[Entries taken from a collection]
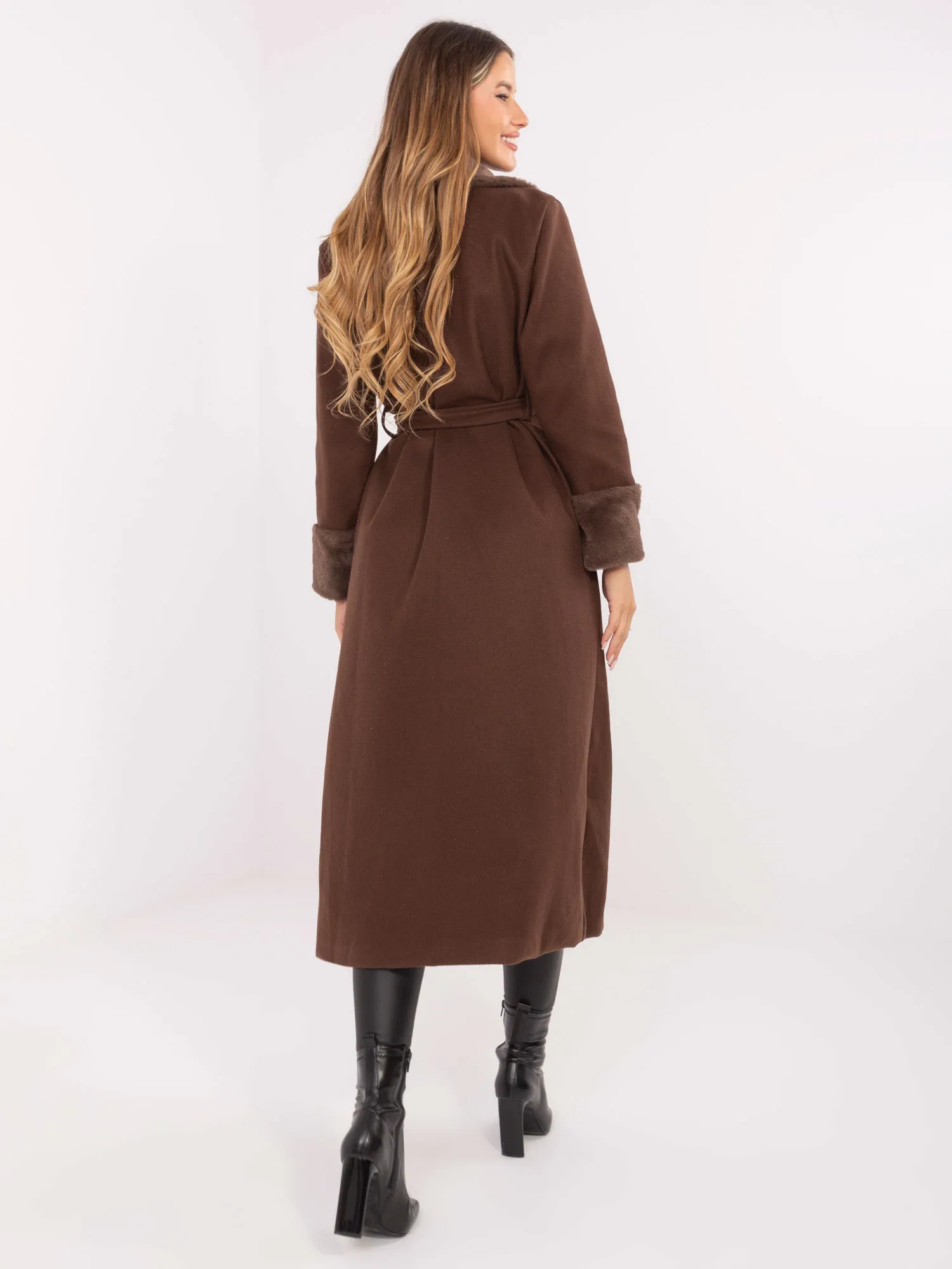 Wymiary płaszcza w rozmiarze one size mierzone na płasko: szerokość pod pachami - 60 cm, szerokość w talii - 57 cm, szerokość w biodrach - 58 cm, długość rękawa - 59 cm (od szwu), długość całkowita - 128 cm.
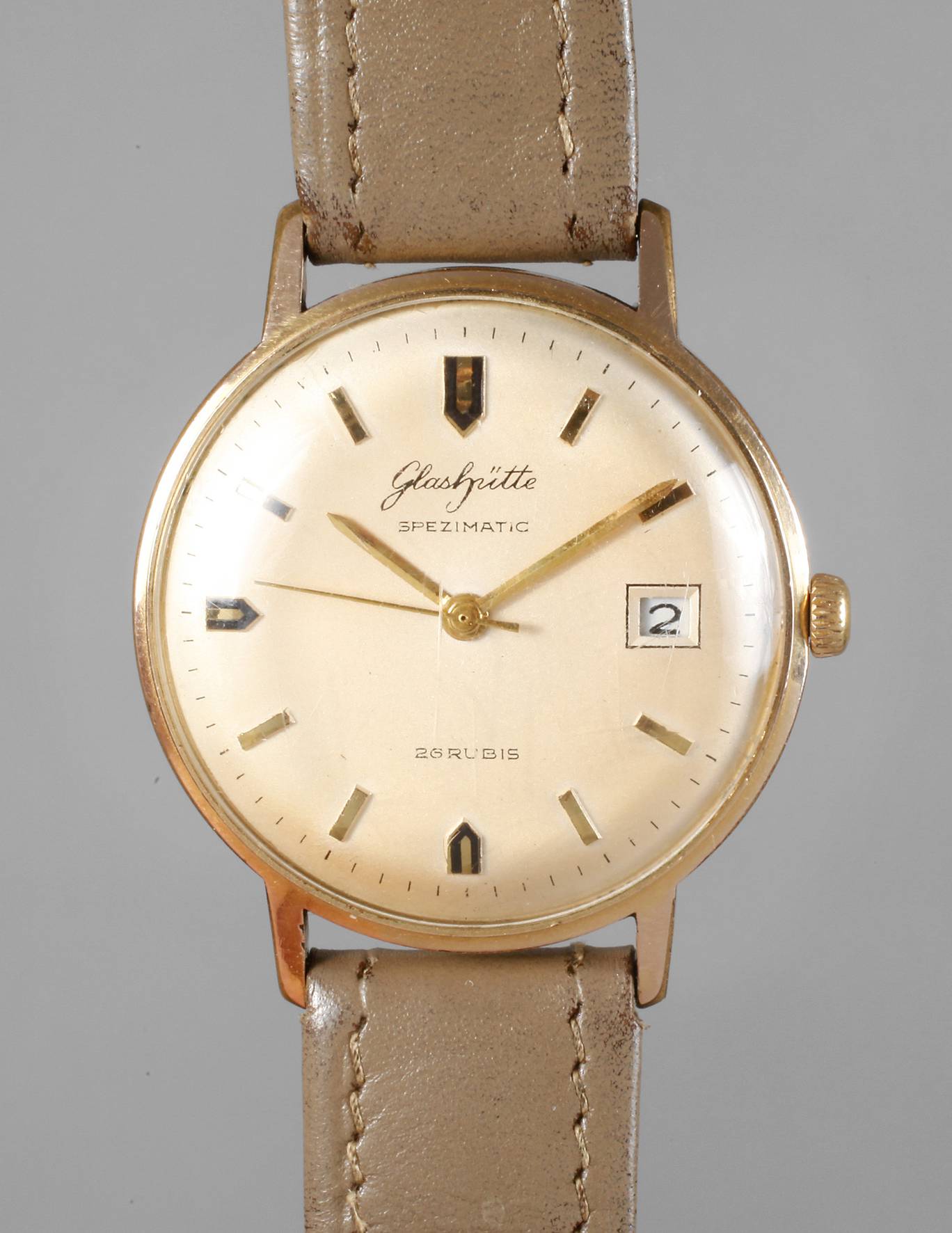1960er Jahre, Modell ”Spezimatic”, Automatikwerk mit 26 Steinen, Zentralsekunde und Datum, vergoldetes Gehäuse mit Nummer 095112, funktionstüchtig, Z 2, D 35 mm.
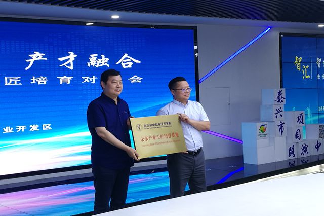 学院副院长刁爱军代表学院与江苏省泰兴高新技术产业开发区签订《产才融合战略合作协议》,学院党委书记、院长周庆礼向江苏省泰兴高新技术产业开发区授予“星空体育·(中国)官方网站未来产业工匠培育基地”铜牌。
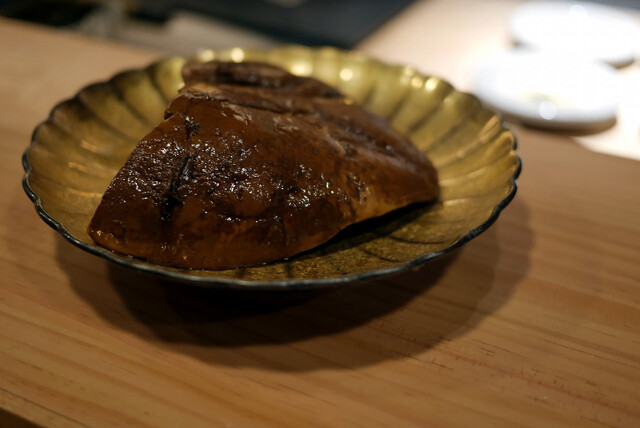 あん肝といえば蒸してポン酢で食べるくらいしか知りませんでしたが、こちらはケーキのように分厚く切って、そのままいただきます。
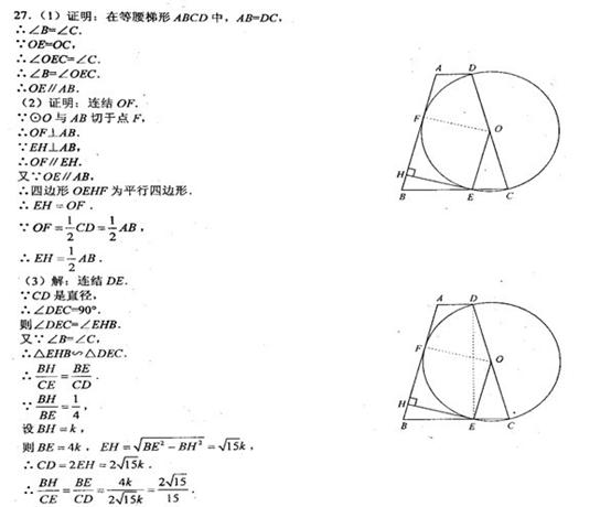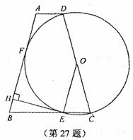(苏州2010中考题27).(本题满分9分)如图,在等腰梯形ABCD中,AD∥BC.O是CD边的中点,以O为圆心,OC长为半径作圆,交BC边于点E.过E作EH⊥AB,垂足为H.已知⊙O与AB边相切,切点为F
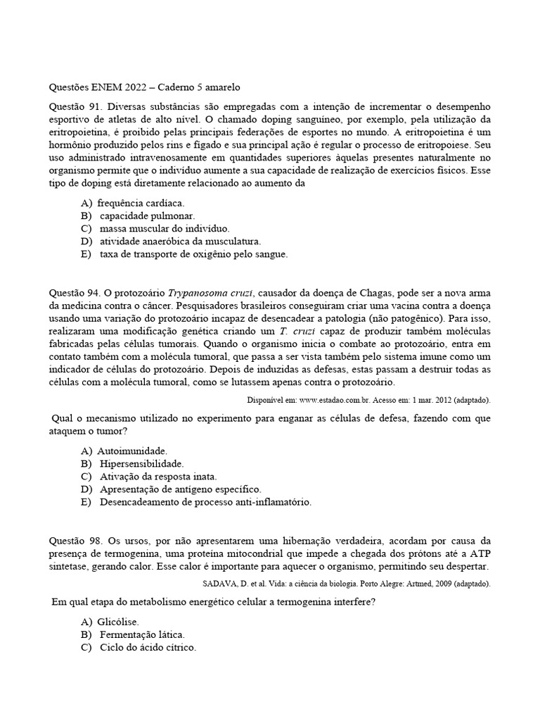Questões ENEM 2022 – Caderno 5 amarelo
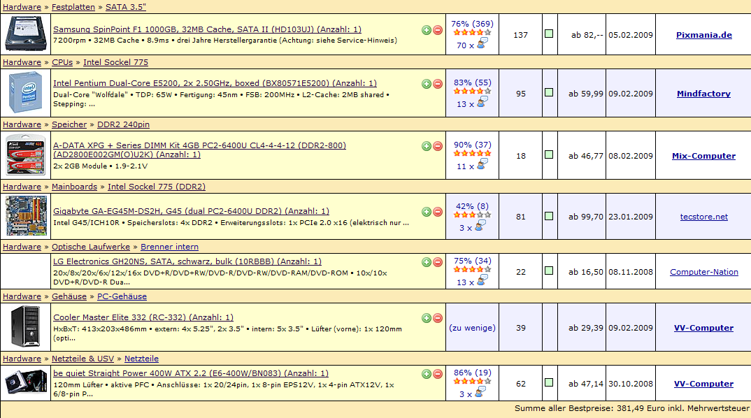 Hi ich wollte mir ein neuen pc zusammenstellen er wird nur für icq, filme, office und musik benötigt also nicht zum spielen ich möchte aber keine onboard grafikkarte Der monitor wird ein 22" bzw 23" und kosted ca 180euro hätte also noch 420euro für den pc
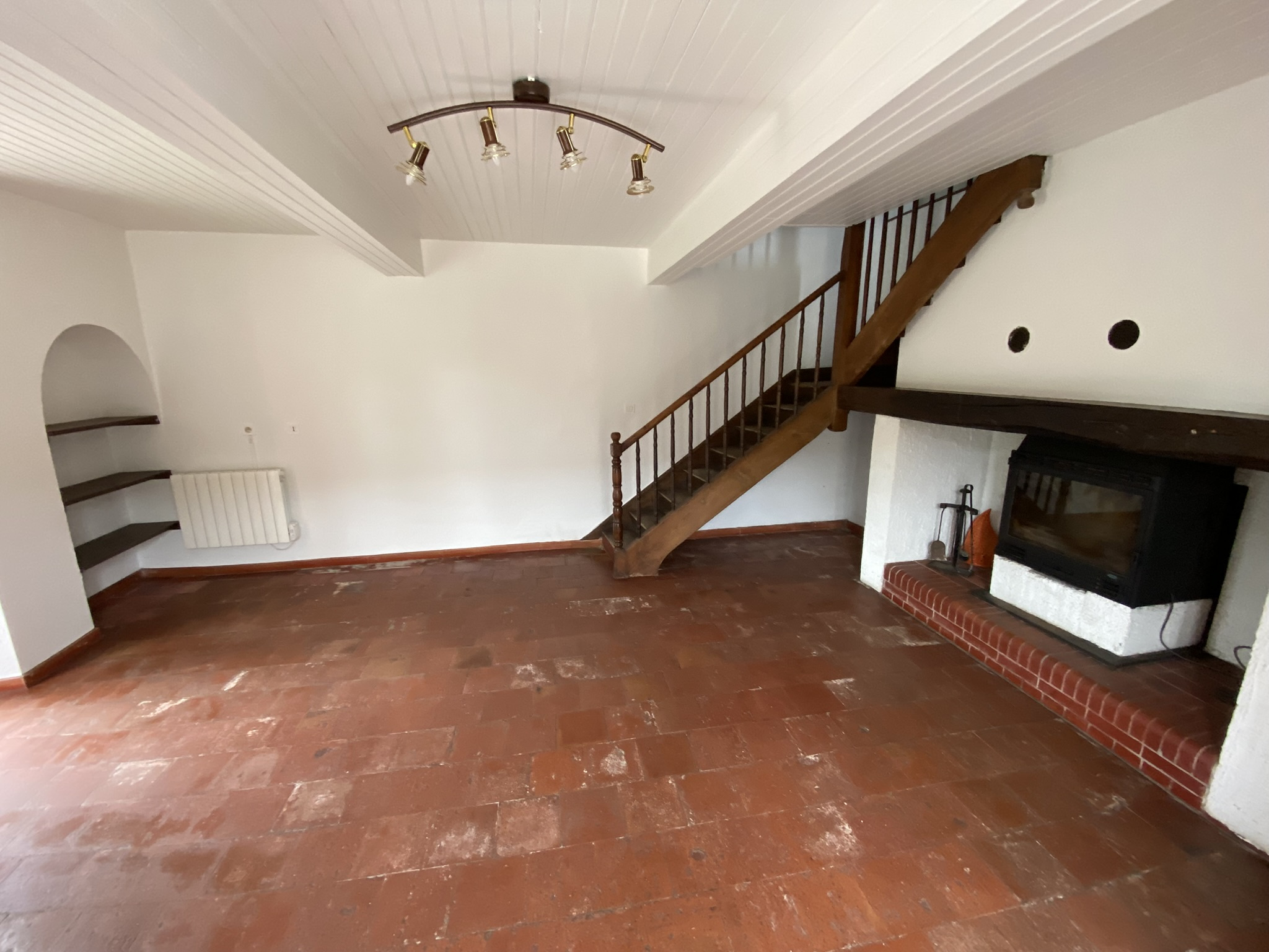 La cuisine, entièrement refaite à neuf, s’intègre harmonieusement à un séjour lumineux où l’insert bois apporte confort et convivialité lors des soirées d’hiver. L’étage accueille deux grandes chambres avec parquet ainsi qu’une salle d’eau rénovée, offrant un espace nuit agréable et fonctionnel.

### TASK PROMPT
Word for word, restate the lines above from the one with "あん肝といえば蒸してポン酢で" through the one with "Questões ENEM 2022 – Caderno 5 amarelo", keeping both ends and dropping the pictures.

### SOLUTION FOR THIS PROBLEM
 あん肝といえば蒸してポン酢で食べるくらいしか知りませんでしたが、こちらはケーキのように分厚く切って、そのままいただきます。
(苏州2010中考题27).(本题满分9分)如图,在等腰梯形ABCD中,AD∥BC.O是CD边的中点,以O为圆心,OC长为半径作圆,交BC边于点E.过E作EH⊥AB,垂足为H.已知⊙O与AB边相切,切点为F
Questões ENEM 2022 – Caderno 5 amarelo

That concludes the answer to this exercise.